# What Is Wrong With This Article?



## frustratedearthmother (Dec 14, 2018)

Noticed an article posted on Farmers Weekly website.  Anybody else notice something not quite right?

_"It’s 6.30am in early October and Karoo farmer Flippie Loock heads out to feed his Savannah goats. The month-long kidding season is coming to an end and soon all 500 of his ewes will have kidded. In September alone, 400 of the ewes produced 680 kids – including 37 triplets and one quadruplet – and by the time all 500 have kidded, he will have reared approximately 840 kids_."
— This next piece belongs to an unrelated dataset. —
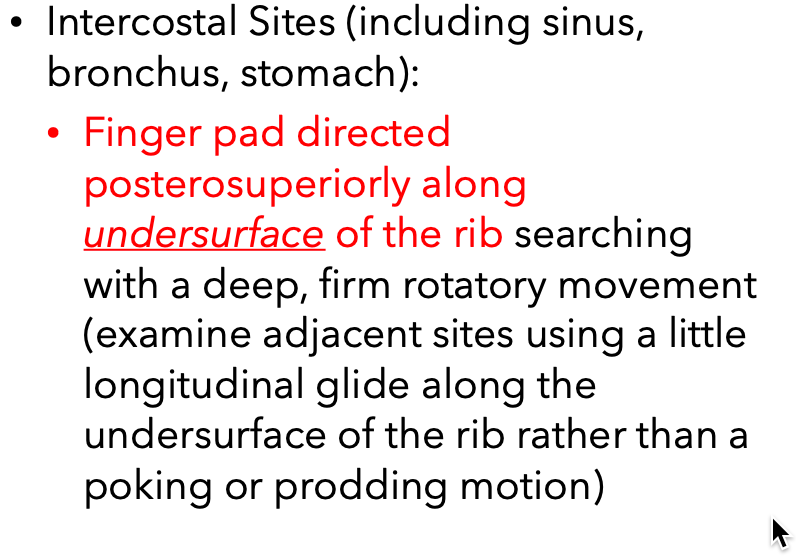 Where do you place your finger pads when finding anything in the intercostal sites?
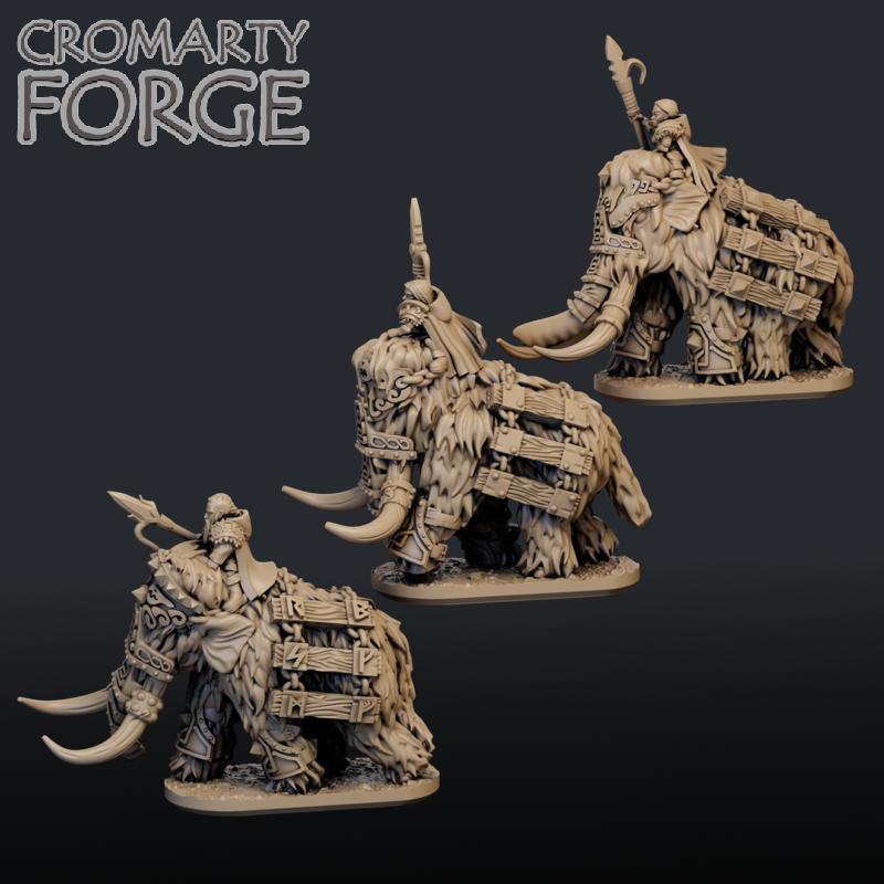 10mm Norse Mammoths set contains files to print 3 different war mammoths. Each mammoth is provided in two scales, one to fit on a 40mm x 60mm base and the other to fit on 20mm x 40mm bases. The two scales and three sculpts provide for additional flexibility for deploying as alternative armies.

https://www.farmersweekly.co.za/animals/turning-things-around-with-savannah-goats/

SMH...


----------



## Rammy (Dec 14, 2018)

I was never good at word math problems.


----------



## frustratedearthmother (Dec 14, 2018)

Hint - it's not about the math.


----------



## Bruce (Dec 14, 2018)

Um, Dad is a RAM??? Um, er. MOM is a sheep? 
Someone is VERY confused about their animals.


----------



## Goat Whisperer (Dec 14, 2018)

What?! Goats are ewes? Ewes are kidding?  Someone was a little too tired when writing this article. Looks like the writer could use a little more coffee.


----------



## B&B Happy goats (Dec 14, 2018)

Was just getting ready to say that lol, would love to see a picture of a doeing kidding a ewe....


----------



## Baymule (Dec 14, 2018)

The goats are ewes? This was obviously written by a city slicker that only experience with livestock has been in a petting zoo.


----------



## Rammy (Dec 14, 2018)

Oh. Missed that. Guess Im tired, too.


----------



## Bruce (Dec 14, 2018)

Baymule said:


> The goats are ewes?


Must be some kind of GMO product.


----------



## frustratedearthmother (Dec 14, 2018)

My DH went for the math angle when I first read it to him....but...uh... yea.   Goat ewes kidding...


----------



## Southern by choice (Dec 15, 2018)

oh brother  smh


----------



## farmerjan (Dec 15, 2018)

Understand something, in different parts of the world, and different countries, sometimes the female is called different things than what we call them here.  I am not surprised that a former sheep farmer would call his female goats the same as he called his female sheep.  
Here in the US a male sheep is often called a "buck sheep" even though the "technically correct" term is a ram.  Many older farmers I have been around have called the male herd sire a buck sheep.  
In England an intact male in the cattle species at the yearling age is often called a bullock;  but in other places it can be a yearling steer.... 
Since they got the kidding part correct, I think that maybe the term there is interchangeable with the female sheep and female goats.  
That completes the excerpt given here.